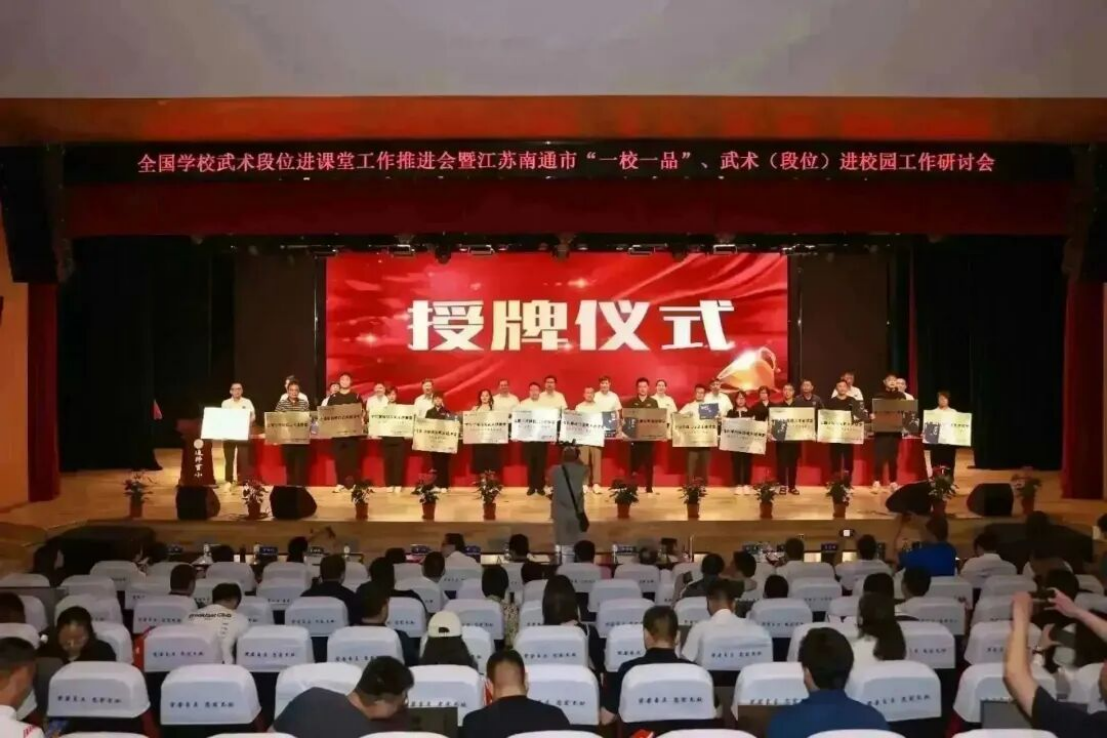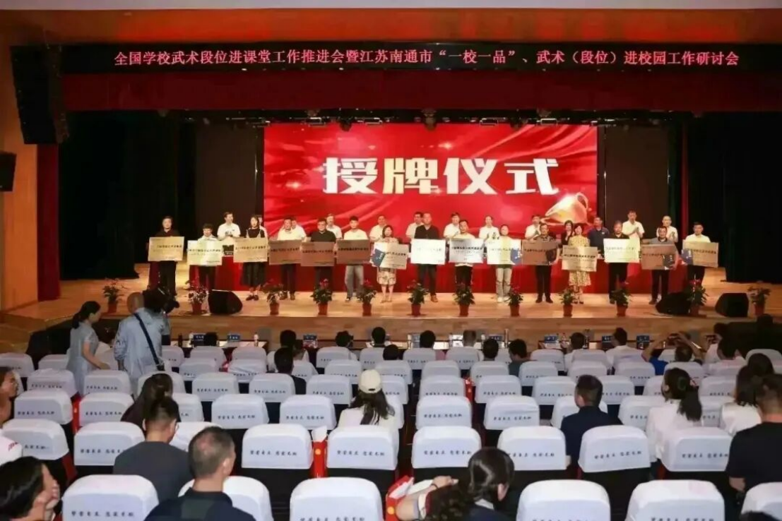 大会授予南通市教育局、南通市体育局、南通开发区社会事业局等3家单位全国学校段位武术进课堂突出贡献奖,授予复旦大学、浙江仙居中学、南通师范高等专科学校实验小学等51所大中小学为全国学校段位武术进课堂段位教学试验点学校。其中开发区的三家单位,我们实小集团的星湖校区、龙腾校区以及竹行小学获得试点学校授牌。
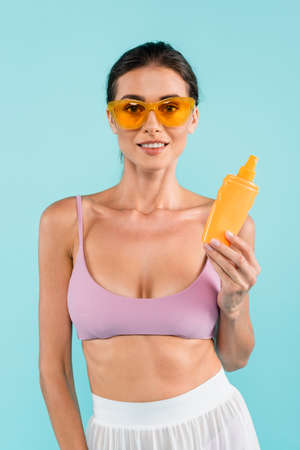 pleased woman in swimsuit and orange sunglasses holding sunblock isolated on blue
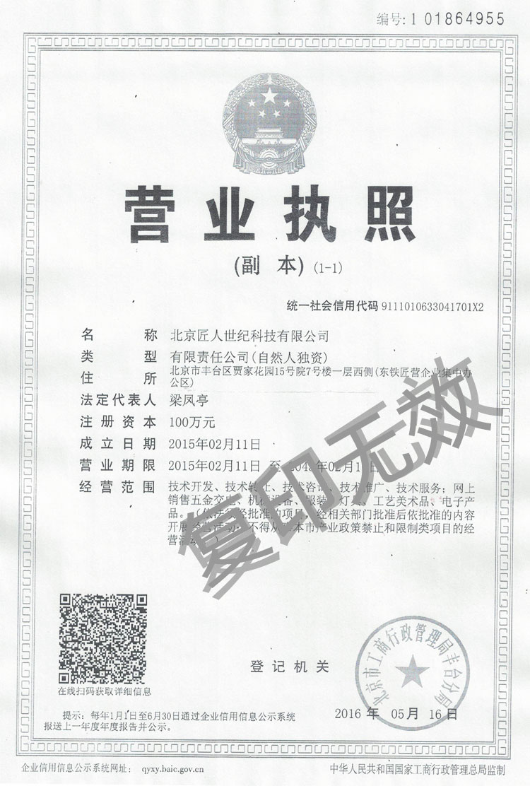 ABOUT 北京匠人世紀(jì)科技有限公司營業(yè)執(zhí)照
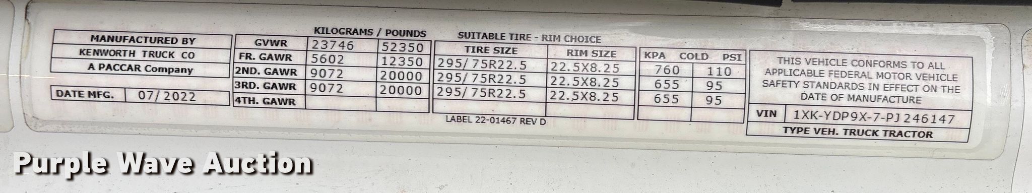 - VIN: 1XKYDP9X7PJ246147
● ● ●
§ **Directions**
Every line above is to be written out unchanged, with the pictures omitted.

§ **Solution to the problem**
 大会授予南通市教育局、南通市体育局、南通开发区社会事业局等3家单位全国学校段位武术进课堂突出贡献奖,授予复旦大学、浙江仙居中学、南通师范高等专科学校实验小学等51所大中小学为全国学校段位武术进课堂段位教学试验点学校。其中开发区的三家单位,我们实小集团的星湖校区、龙腾校区以及竹行小学获得试点学校授牌。
 pleased woman in swimsuit and orange sunglasses holding sunblock isolated on blue
 ABOUT 北京匠人世紀(jì)科技有限公司營業(yè)執(zhí)照
 - VIN: 1XKYDP9X7PJ246147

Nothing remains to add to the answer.